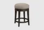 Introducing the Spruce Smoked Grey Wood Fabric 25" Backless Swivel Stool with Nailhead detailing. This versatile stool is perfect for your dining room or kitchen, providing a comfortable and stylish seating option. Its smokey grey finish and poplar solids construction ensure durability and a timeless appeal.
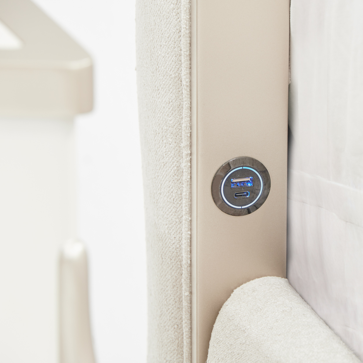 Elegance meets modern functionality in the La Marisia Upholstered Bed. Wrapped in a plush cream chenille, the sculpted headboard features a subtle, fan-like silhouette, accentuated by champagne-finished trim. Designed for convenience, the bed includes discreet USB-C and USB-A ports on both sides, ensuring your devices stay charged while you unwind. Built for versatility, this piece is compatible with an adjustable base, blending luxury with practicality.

----

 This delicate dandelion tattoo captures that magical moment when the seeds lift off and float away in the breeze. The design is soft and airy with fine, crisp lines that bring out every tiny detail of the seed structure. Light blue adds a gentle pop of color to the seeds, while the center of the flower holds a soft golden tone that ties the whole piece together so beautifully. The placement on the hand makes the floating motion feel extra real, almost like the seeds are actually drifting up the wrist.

----

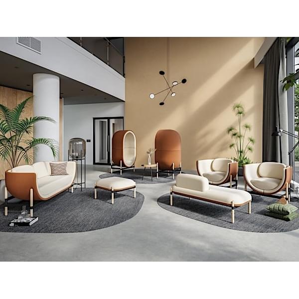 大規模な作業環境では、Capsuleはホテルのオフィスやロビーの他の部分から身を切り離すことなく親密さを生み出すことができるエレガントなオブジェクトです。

----

> **What to produce**: Above are entries with pictures among them. Write out exactly the lines from the one containing "Introducing the Spruce" through the one containing "Elegance meets modern", ends included, and leave those pictures out.

> **Solution to the problem**:
 Introducing the Spruce Smoked Grey Wood Fabric 25" Backless Swivel Stool with Nailhead detailing. This versatile stool is perfect for your dining room or kitchen, providing a comfortable and stylish seating option. Its smokey grey finish and poplar solids construction ensure durability and a timeless appeal.
 Elegance meets modern functionality in the La Marisia Upholstered Bed. Wrapped in a plush cream chenille, the sculpted headboard features a subtle, fan-like silhouette, accentuated by champagne-finished trim. Designed for convenience, the bed includes discreet USB-C and USB-A ports on both sides, ensuring your devices stay charged while you unwind. Built for versatility, this piece is compatible with an adjustable base, blending luxury with practicality.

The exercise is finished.